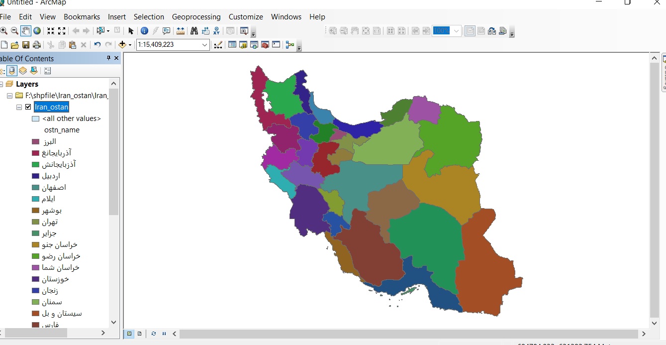 نقشه Polygon کلیه استان های کشور بر اساس آخرین تقسیمات استان با فرمت shapefile قابل استفاده در نرم افزار های تخصصی ARCGIS
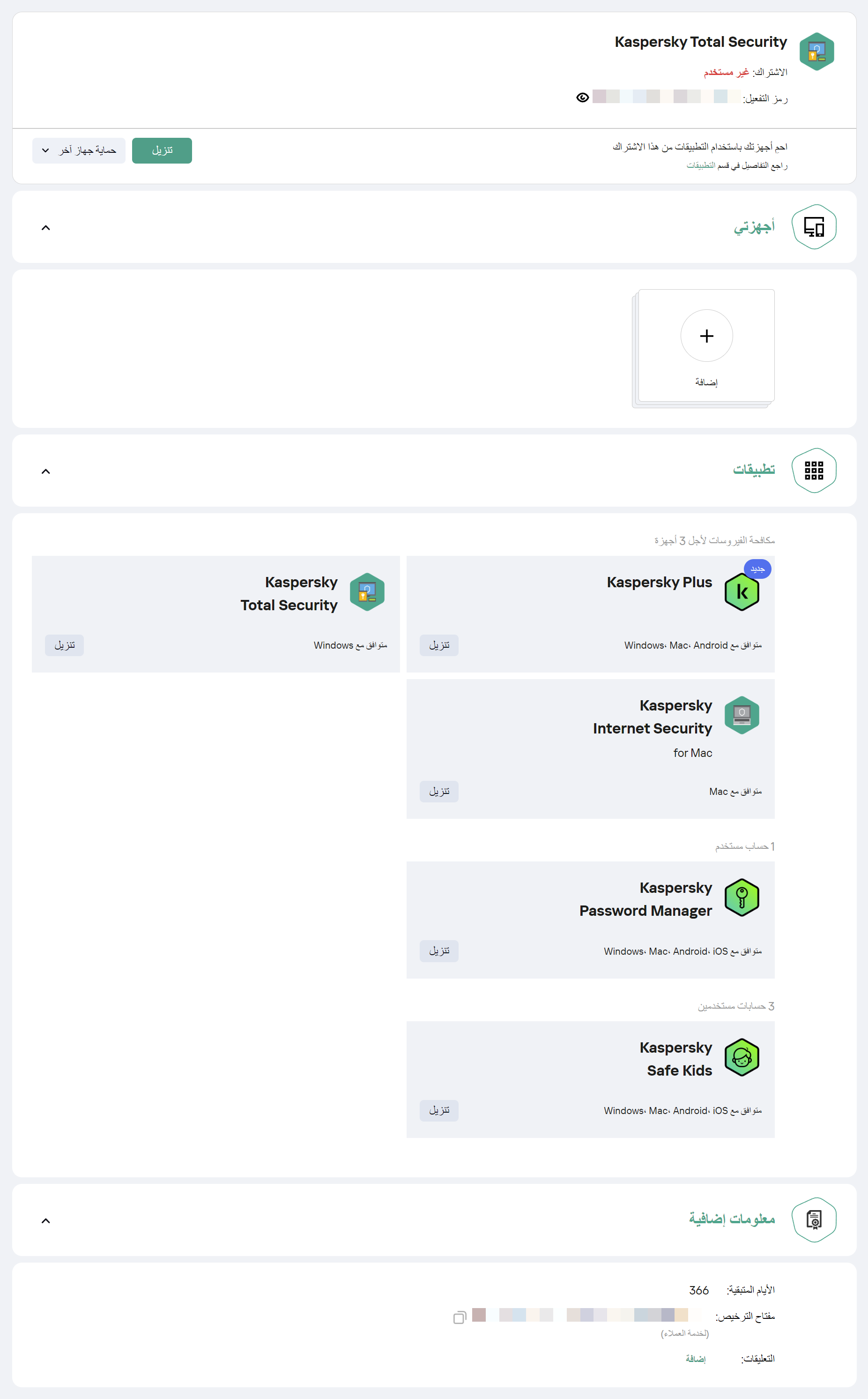 يمكن معرفة كامل تفاصيل الرخصة مثل الأنظمة و التطبيقات المدعومة و روابط تحميلها و عدد الأجهزة و الفترة و غيرها، من خلال ربطها بحسابك في My Kaspersky ثم ستتضح لك كامل معلومات الرخصة (صورة توضيحية).
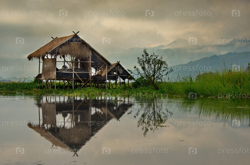 Ивама. Мьянма. 29 ноября 2016 г. Архитектура поселений на реке Сав между озерами Инле и Самкар. Из-за подтопления почти все дома на реках и озерах построены в воде на сваях
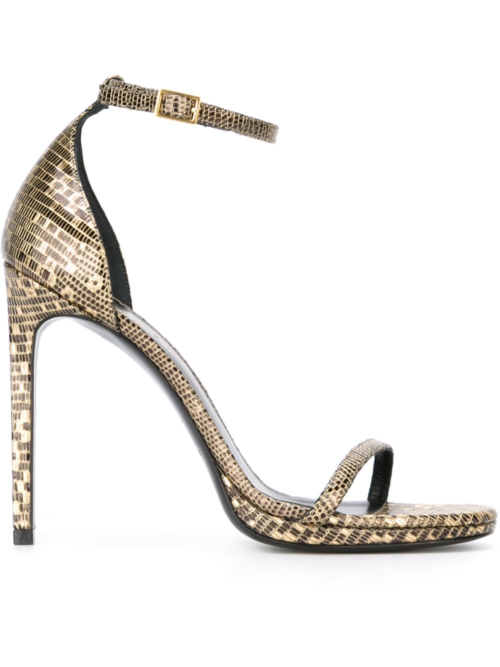 - Saint Laurent 金色与黑色 牛皮 'Jane'凉鞋。 露趾, 正面的带饰有开衩, 搭扣踝带, 蜥蜴皮效果, 鞋垫饰有品牌标识, 细高跟。

HOW TO COMPLETE THIS TASK
The data above must be given back verbatim, minus its images.

FINISHED EXERCISE
 نقشه Polygon کلیه استان های کشور بر اساس آخرین تقسیمات استان با فرمت shapefile قابل استفاده در نرم افزار های تخصصی ARCGIS
 يمكن معرفة كامل تفاصيل الرخصة مثل الأنظمة و التطبيقات المدعومة و روابط تحميلها و عدد الأجهزة و الفترة و غيرها، من خلال ربطها بحسابك في My Kaspersky ثم ستتضح لك كامل معلومات الرخصة (صورة توضيحية).
 Ивама. Мьянма. 29 ноября 2016 г. Архитектура поселений на реке Сав между озерами Инле и Самкар. Из-за подтопления почти все дома на реках и озерах построены в воде на сваях
 - Saint Laurent 金色与黑色 牛皮 'Jane'凉鞋。 露趾, 正面的带饰有开衩, 搭扣踝带, 蜥蜴皮效果, 鞋垫饰有品牌标识, 细高跟。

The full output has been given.